Source material:
Start of Block

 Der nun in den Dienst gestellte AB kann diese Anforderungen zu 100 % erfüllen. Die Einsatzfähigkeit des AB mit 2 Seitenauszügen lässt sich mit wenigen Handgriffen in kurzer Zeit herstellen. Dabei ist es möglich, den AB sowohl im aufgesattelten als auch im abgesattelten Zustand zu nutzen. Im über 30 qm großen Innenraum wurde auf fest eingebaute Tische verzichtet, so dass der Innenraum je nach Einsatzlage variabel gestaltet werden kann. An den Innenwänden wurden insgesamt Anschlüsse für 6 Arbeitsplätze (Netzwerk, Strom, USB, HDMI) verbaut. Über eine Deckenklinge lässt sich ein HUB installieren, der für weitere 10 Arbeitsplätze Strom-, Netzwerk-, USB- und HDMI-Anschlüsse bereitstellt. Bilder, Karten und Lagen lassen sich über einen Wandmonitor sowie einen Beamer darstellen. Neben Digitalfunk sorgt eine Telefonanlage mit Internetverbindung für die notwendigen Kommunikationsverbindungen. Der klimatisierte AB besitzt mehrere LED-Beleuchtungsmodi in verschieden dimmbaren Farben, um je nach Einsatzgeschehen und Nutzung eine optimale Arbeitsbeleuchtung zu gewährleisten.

End of Block
Start of Block

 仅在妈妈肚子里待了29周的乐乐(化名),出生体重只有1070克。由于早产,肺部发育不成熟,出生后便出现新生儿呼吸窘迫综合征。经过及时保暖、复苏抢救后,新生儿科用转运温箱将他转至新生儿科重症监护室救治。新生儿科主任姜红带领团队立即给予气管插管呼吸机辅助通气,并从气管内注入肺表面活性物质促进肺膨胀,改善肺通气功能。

End of Block
Start of Block

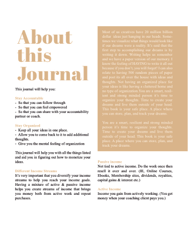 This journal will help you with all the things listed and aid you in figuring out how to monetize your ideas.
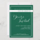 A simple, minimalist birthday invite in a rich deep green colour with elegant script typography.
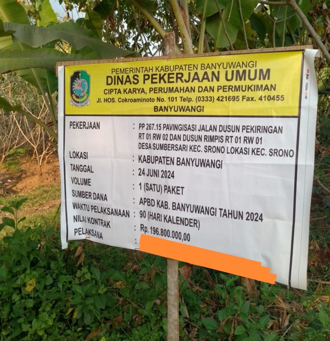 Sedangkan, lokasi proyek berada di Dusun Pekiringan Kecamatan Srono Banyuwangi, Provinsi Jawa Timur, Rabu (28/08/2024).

End of Block

Problem statement: Above are records; repeat only the lines from the line with "A simple, minimalist" through the line with "Sedangkan, lokasi proyek", and leave pictures out.

Answer space:
 A simple, minimalist birthday invite in a rich deep green colour with elegant script typography.
 Sedangkan, lokasi proyek berada di Dusun Pekiringan Kecamatan Srono Banyuwangi, Provinsi Jawa Timur, Rabu (28/08/2024).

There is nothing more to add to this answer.